# EXERCISE BRIEF:
Among the lines of the listing below, retype exactly those from the one containing "यह डिजाइन खासतौर" through the one containing "1 supply line", both included. Do not include pictures.
----- EXERCISE MATERIALS -----
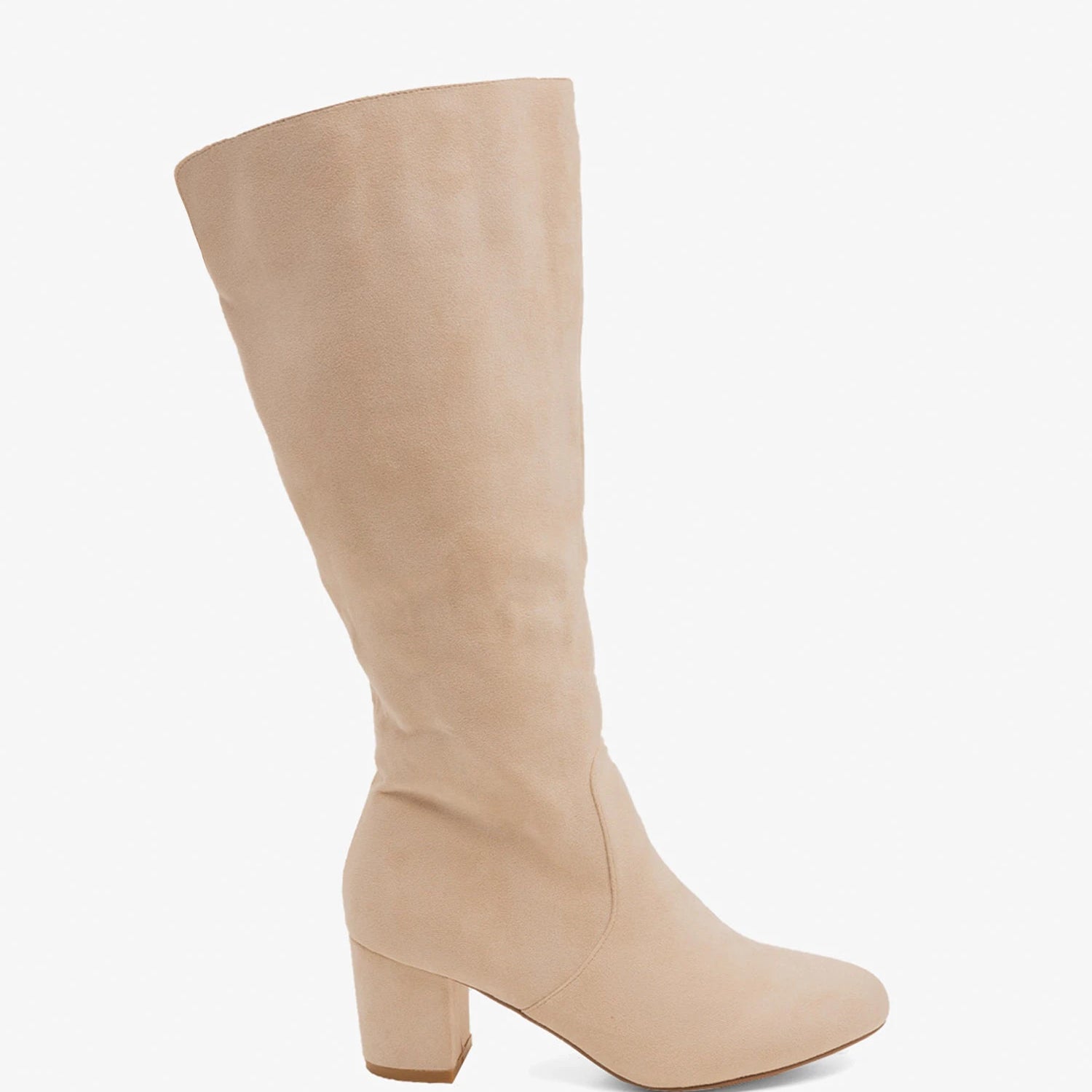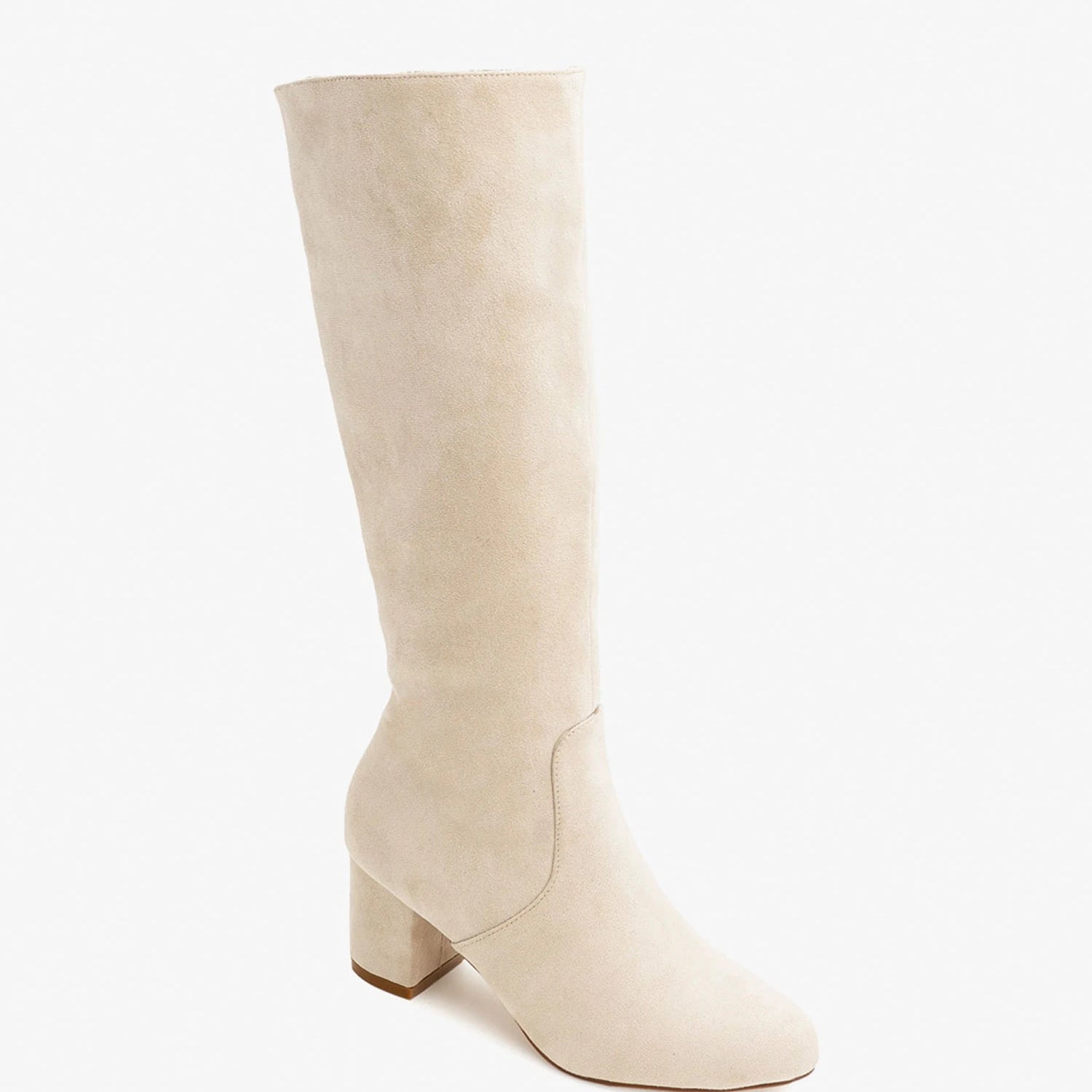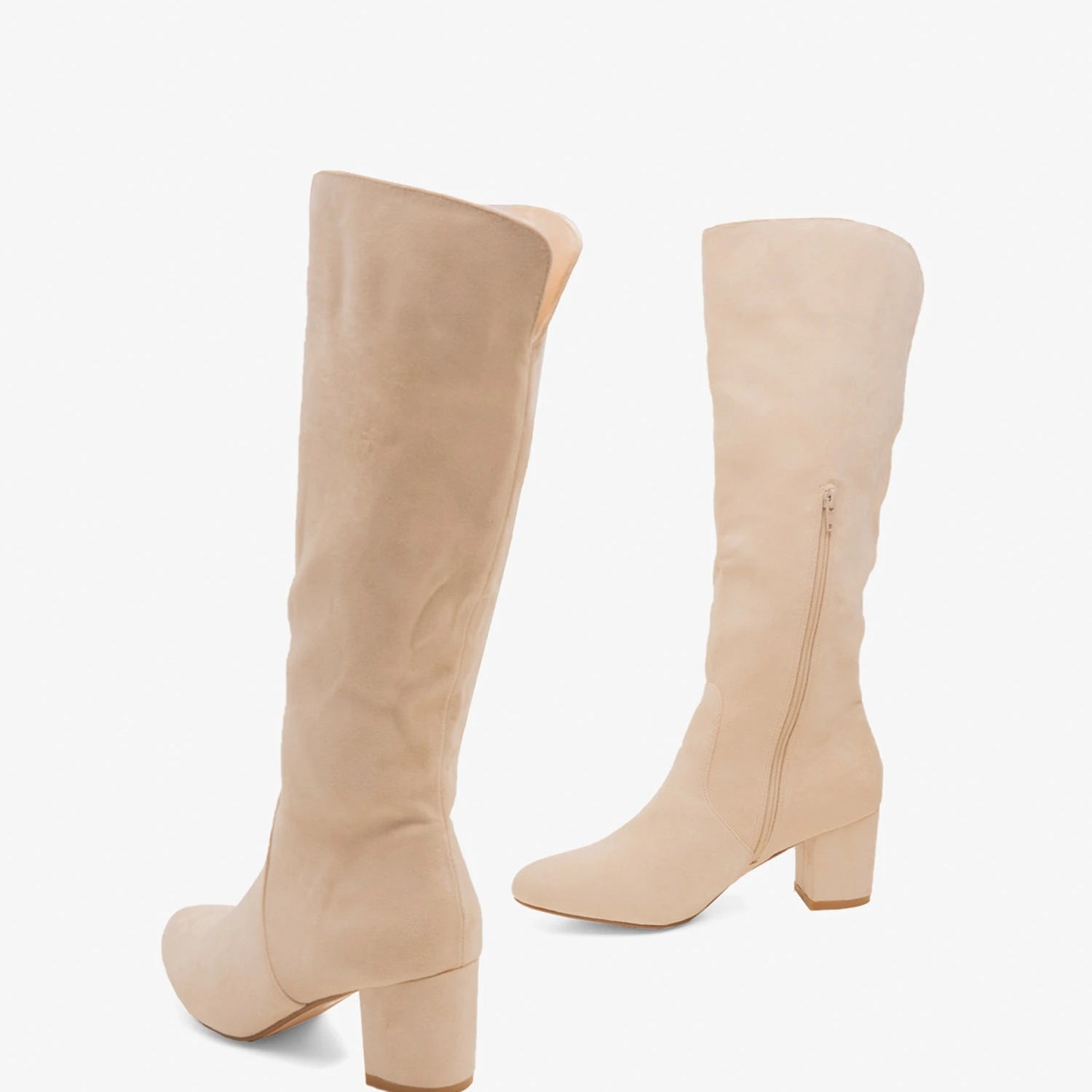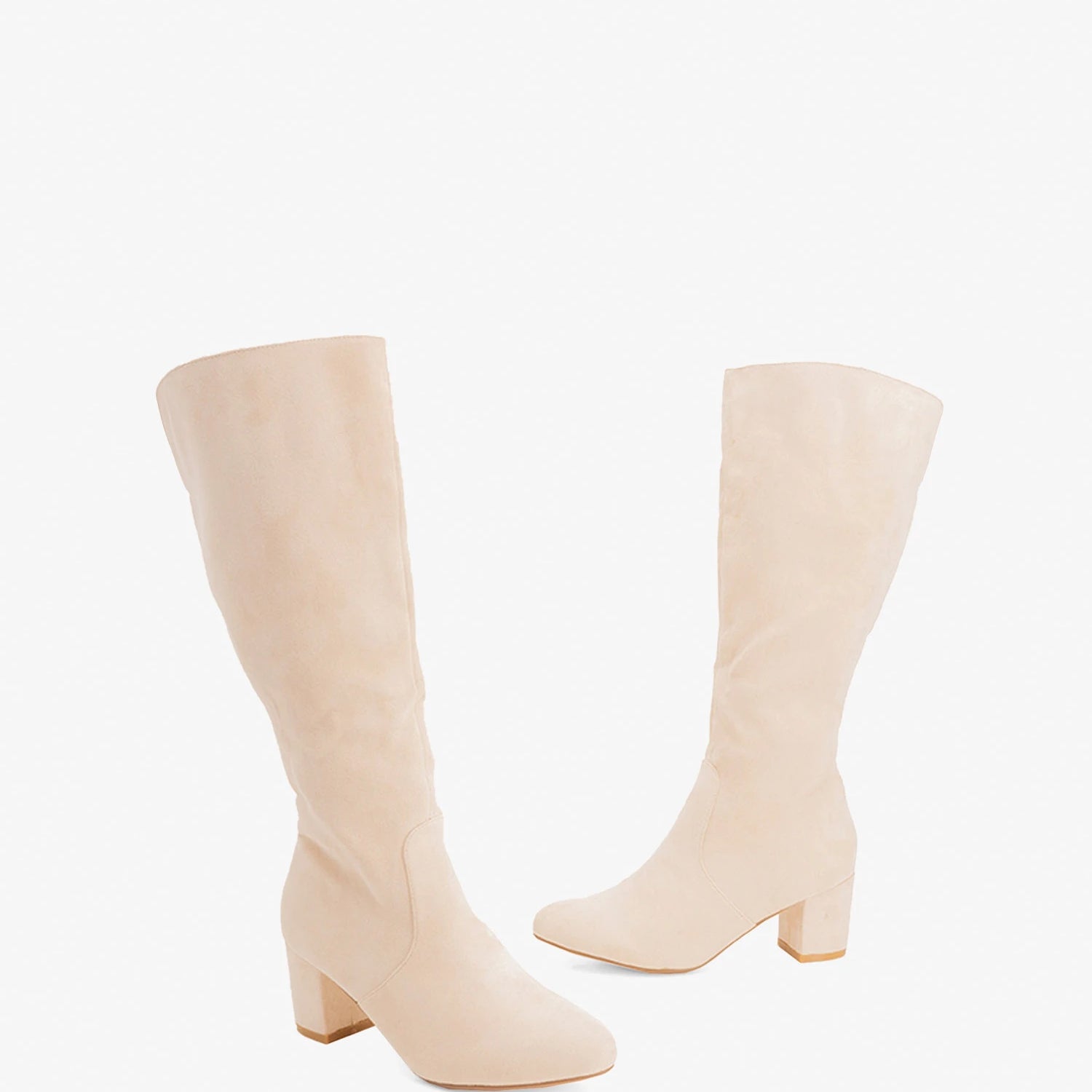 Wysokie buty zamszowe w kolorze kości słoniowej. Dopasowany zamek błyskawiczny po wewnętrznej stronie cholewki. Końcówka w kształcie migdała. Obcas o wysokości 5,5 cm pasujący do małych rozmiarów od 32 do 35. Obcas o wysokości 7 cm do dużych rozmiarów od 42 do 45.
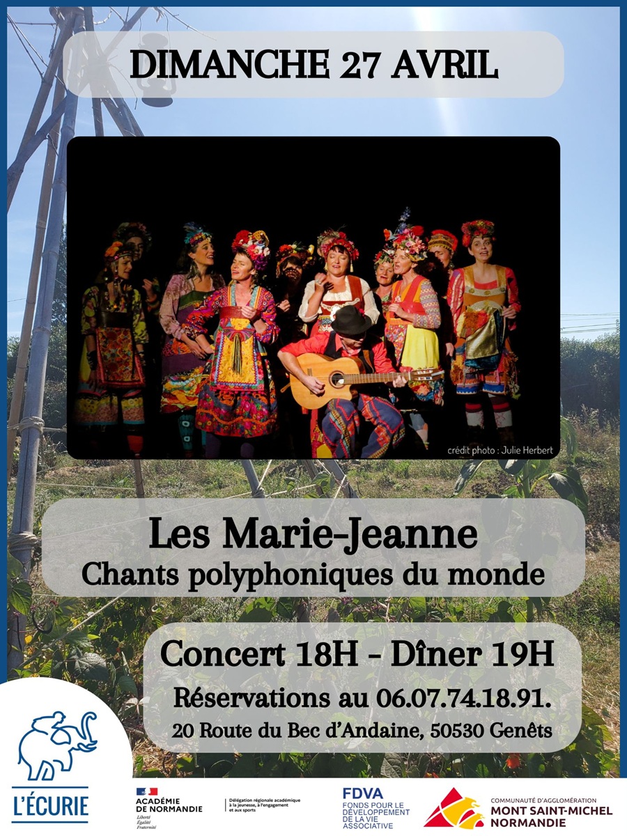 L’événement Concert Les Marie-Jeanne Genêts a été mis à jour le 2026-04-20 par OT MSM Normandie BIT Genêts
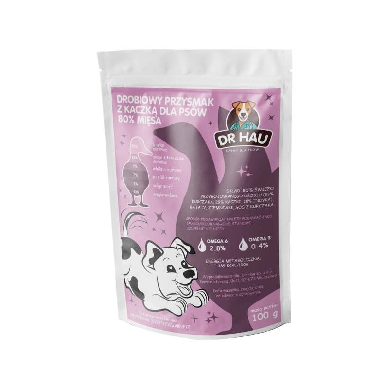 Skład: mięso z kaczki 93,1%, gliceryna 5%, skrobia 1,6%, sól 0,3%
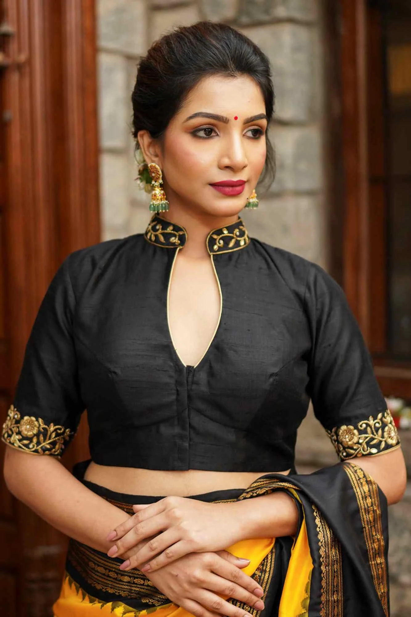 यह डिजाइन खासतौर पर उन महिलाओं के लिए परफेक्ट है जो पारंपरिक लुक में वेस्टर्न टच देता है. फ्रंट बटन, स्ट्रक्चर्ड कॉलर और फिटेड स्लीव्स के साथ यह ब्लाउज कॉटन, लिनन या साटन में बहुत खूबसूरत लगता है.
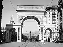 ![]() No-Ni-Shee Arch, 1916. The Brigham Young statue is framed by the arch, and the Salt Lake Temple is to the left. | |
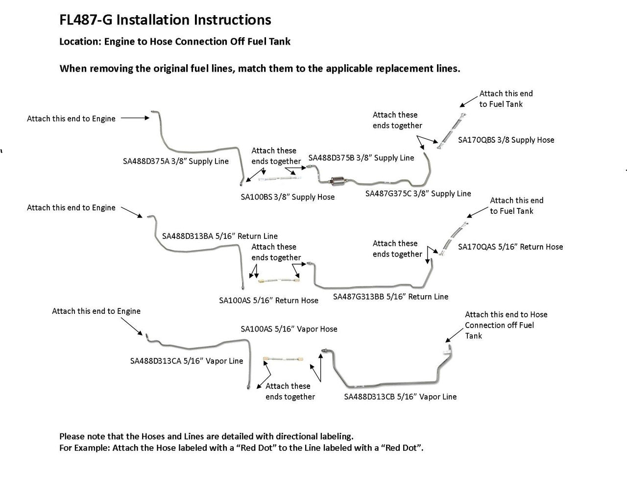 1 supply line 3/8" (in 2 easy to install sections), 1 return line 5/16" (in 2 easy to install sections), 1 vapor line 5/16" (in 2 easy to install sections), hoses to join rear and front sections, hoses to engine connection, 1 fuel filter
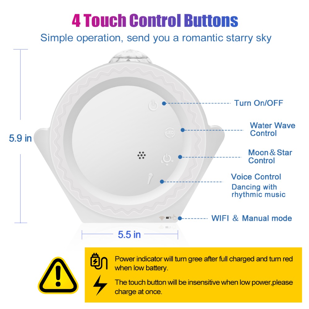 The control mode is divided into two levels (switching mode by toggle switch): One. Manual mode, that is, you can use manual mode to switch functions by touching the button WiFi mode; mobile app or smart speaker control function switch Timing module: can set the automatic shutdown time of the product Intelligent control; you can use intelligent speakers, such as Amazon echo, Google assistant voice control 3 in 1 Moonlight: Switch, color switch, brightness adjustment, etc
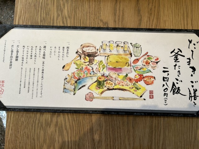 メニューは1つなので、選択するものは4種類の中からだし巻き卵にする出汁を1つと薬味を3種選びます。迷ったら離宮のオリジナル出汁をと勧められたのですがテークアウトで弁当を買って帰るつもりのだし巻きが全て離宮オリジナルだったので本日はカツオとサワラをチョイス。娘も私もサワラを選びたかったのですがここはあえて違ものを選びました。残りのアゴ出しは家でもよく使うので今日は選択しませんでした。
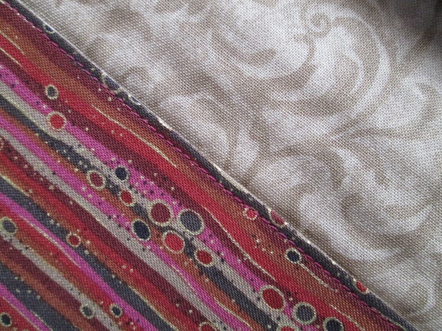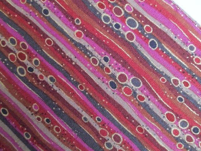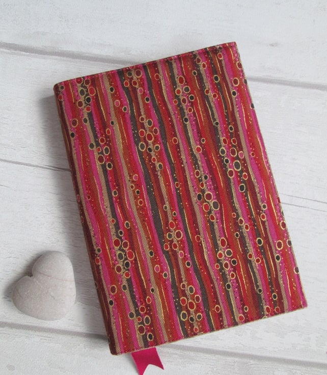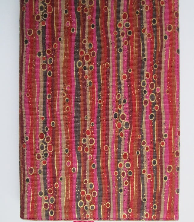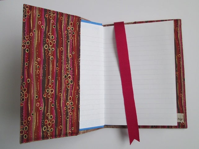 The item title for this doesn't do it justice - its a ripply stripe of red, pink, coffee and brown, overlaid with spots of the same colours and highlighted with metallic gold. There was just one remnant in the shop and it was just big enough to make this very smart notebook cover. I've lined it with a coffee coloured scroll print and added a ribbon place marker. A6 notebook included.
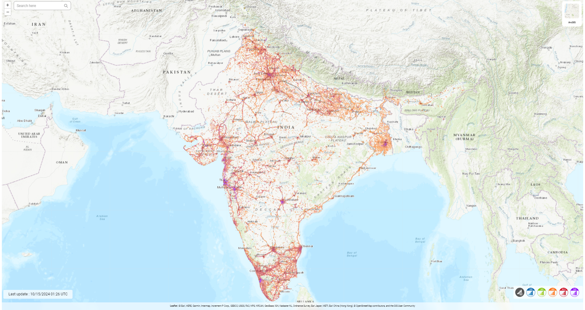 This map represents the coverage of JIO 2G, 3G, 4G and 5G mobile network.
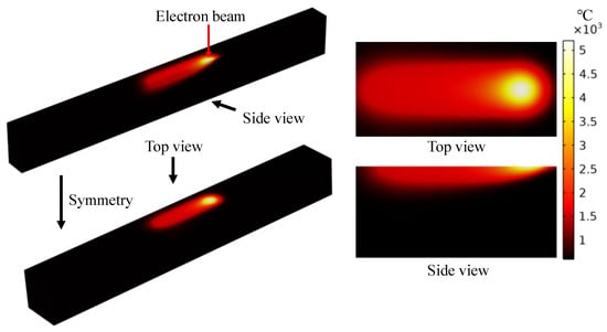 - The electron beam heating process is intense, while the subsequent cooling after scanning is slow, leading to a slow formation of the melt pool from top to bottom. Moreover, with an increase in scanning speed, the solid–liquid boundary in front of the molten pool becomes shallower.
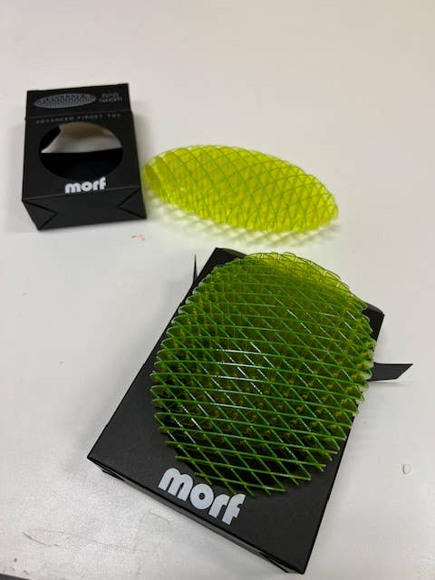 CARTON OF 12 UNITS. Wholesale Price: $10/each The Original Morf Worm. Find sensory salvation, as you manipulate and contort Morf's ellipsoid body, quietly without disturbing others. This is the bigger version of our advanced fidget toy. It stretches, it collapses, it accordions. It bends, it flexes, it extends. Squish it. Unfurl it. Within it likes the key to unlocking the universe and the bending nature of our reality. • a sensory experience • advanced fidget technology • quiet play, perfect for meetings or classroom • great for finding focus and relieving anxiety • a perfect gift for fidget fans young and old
-----
# EXPECTED ANSWER:
 यह डिजाइन खासतौर पर उन महिलाओं के लिए परफेक्ट है जो पारंपरिक लुक में वेस्टर्न टच देता है. फ्रंट बटन, स्ट्रक्चर्ड कॉलर और फिटेड स्लीव्स के साथ यह ब्लाउज कॉटन, लिनन या साटन में बहुत खूबसूरत लगता है.
 ![]() No-Ni-Shee Arch, 1916. The Brigham Young statue is framed by the arch, and the Salt Lake Temple is to the left. | |
 1 supply line 3/8" (in 2 easy to install sections), 1 return line 5/16" (in 2 easy to install sections), 1 vapor line 5/16" (in 2 easy to install sections), hoses to join rear and front sections, hoses to engine connection, 1 fuel filter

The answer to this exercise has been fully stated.